Par un mémoire en défense, enregistré le 21 octobre 2025, le préfet de police conclut au rejet de la requête.
Il fait valoir que le dossier de demande de renouvellement de titre de séjour du requérant était incomplet, faisant ainsi obstacle à la délivrance d’une attestation de prolongation d’instruction de sa demande.
Par un mémoire en réplique, enregistré le 29 octobre 2025, M. B… maintient l’ensemble de ses conclusions.
Par un second mémoire en défense, enregistré le 31 octobre 2025, le préfet de police entend maintenir ses conclusions tendant au rejet de la requête.
Il soutient que M. B… a été mis en possession d’une attestation de prolongation d’instruction de sa demande de renouvellement de titre de séjour le 30 octobre 2025, valable jusqu’au 29 janvier 2026.

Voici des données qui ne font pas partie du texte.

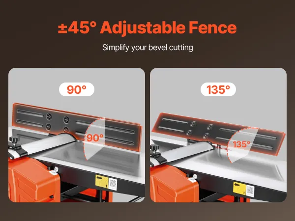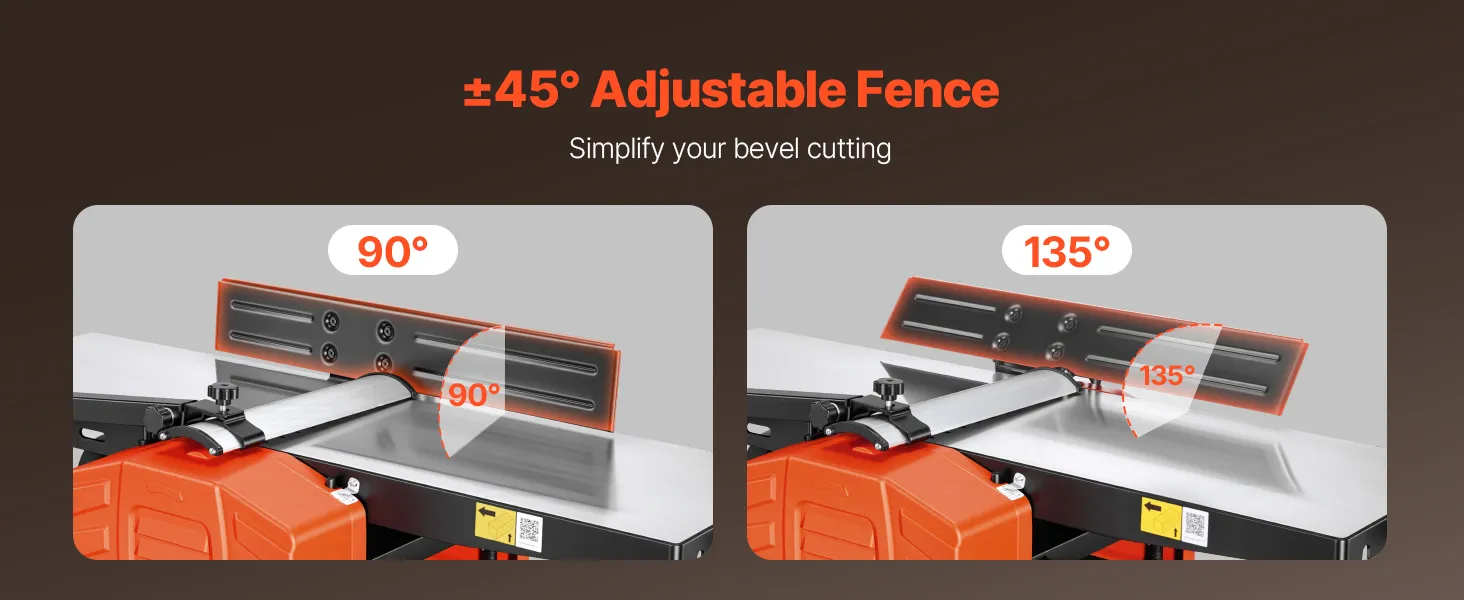 This bench top jointer includes a ±45° adjustable fence, allowing quick setup for both square and beveled edges, tackling any planing task with ease.

Par un mémoire, enregistré le 7 novembre 2025, M. B… déclare se désister purement et simplement de ses conclusions à fin d’injonction et maintient ses conclusions relatives aux frais irrépétibles.

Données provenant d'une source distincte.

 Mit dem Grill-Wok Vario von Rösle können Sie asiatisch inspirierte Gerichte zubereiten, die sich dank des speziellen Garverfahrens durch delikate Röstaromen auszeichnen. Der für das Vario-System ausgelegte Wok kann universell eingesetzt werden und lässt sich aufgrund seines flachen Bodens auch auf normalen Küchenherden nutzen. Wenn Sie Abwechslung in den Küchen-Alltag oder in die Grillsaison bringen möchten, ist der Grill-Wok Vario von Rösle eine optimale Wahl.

Vu les autres pièces du dossier.
Vu :
- la loi n° 91-647 du 10 juillet 1991 ;
- le code de justice administrative.
Considérant ce qui suit :
Sur les conclusions tendant à l’admission provisoire à l’aide juridictionnelle :
1. Aux termes de l’article 20 de la loi du 10 juillet 1991 relative à l’aide juridique : « Dans les cas d’urgence (…) l’admission provisoire à l’aide juridictionnelle peut être prononcée (…) par la juridiction compétente ou son président (…) ». Il résulte de l’instruction que M. B… n’a pas demandé l’aide juridictionnelle. Ainsi, les conclusions tendant au bénéfice de l’aide juridictionnelle provisoire ne peuvent qu’être rejetées.
Sur les conclusions présentées au titre de l’article L. 521-3 du code de justice administrative :
2. Aux termes de l’article L. 521-3 du code de justice administrative : « En cas d’urgence et sur simple requête qui sera recevable même en l’absence de décision administrative préalable, le juge des référés peut ordonner toutes autres mesures utiles sans faire obstacle à l’exécution d’aucune décision administrative. ». Le juge des référés peut, dans le cadre de son office, donner acte d’un désistement ou constater un non-lieu.

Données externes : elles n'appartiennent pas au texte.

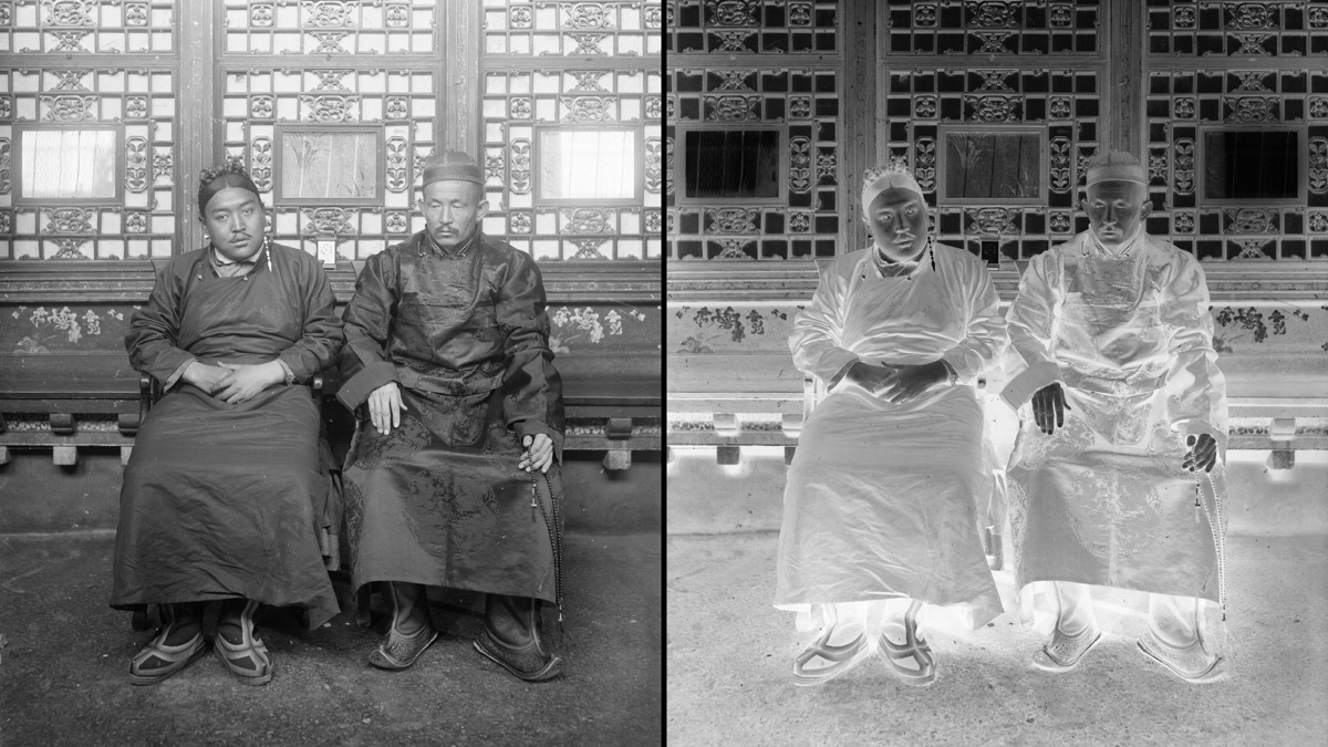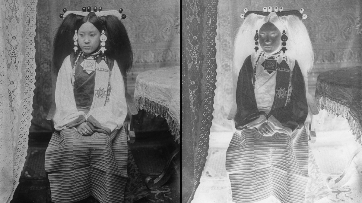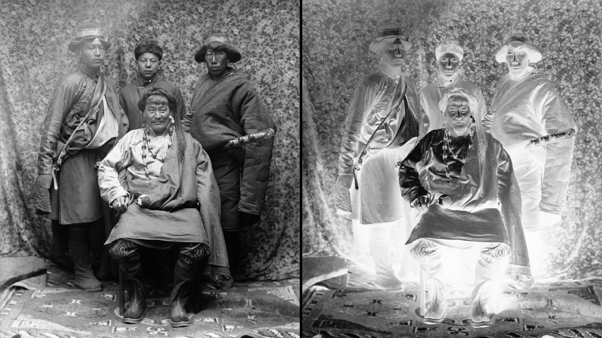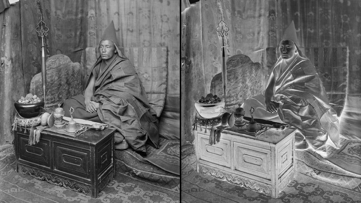 During her visits to the Pitt Rivers Museum, Nyema studied the museum’s collection of historic photographs of Tibet and created her own work in response to it. The collection features more than 5,000 photographs created by British visitors to Tibet in the first half of the twentieth century and includes many studies of Tibetans, often framed according to the mode of ‘ethnic type’ photography that was first formulated in anthropological photography in the nineteenth century. Among them are a set of glass plates portraying Tibetans living in Lhasa in the 1920s. Viewing the plates in both positive and negative formats was one of the inspirations behind the double portraits she subsequently created. When displayed in the museum, they articulate Nyema’s critical interaction with the representation of Tibet in British museums and seek to disrupt the stereotyping of Tibetans by non-Tibetan photographers in the past.

3. Par un mémoire, enregistré le 7 novembre 2025, M. B… déclare se désister de ses conclusions à fin d’injonction. Ce désistement étant pur et simple, rien ne s’oppose à ce qu’il en soit donné acte.
Sur les frais liés à l’instance :
4. Il y a lieu, dans les circonstances de l’espèce, de mettre à la charge de l’État la somme de 1000 euros sur le seul fondement de l’article L. 761-1 du code de justice administrative, faute d’admission de M. B… au bénéfice de l’aide juridictionnelle à titre provisoire ainsi qu’il a été dit au point 1.
O R D O N N E :
Article 1er : Il est donné acte du désistement des conclusions à fin d’injonction présentées par M. B….
Article 2 : L’Etat versera à M. B… la somme de 1000 euros sur le fondement de l’article L. 761-1 du code de justice administrative.
Article 3 : Le surplus des conclusions de la requête est rejeté.
Article 4 : La présente ordonnance sera notifiée à M. A… B… et au ministre de l’intérieur.
Copie en sera adressée au préfet de police.
Fait à Paris, le 12 novembre 2025.
Le juge des référés,
Signé
L. GROS
La République mande et ordonne au ministre de l’intérieur en ce qui le concerne, ou à tous commissaires de justice à ce requis en ce qui concerne les voies de droit commun contre les parties privées, de pourvoir à l’exécution de la présente ordonnance.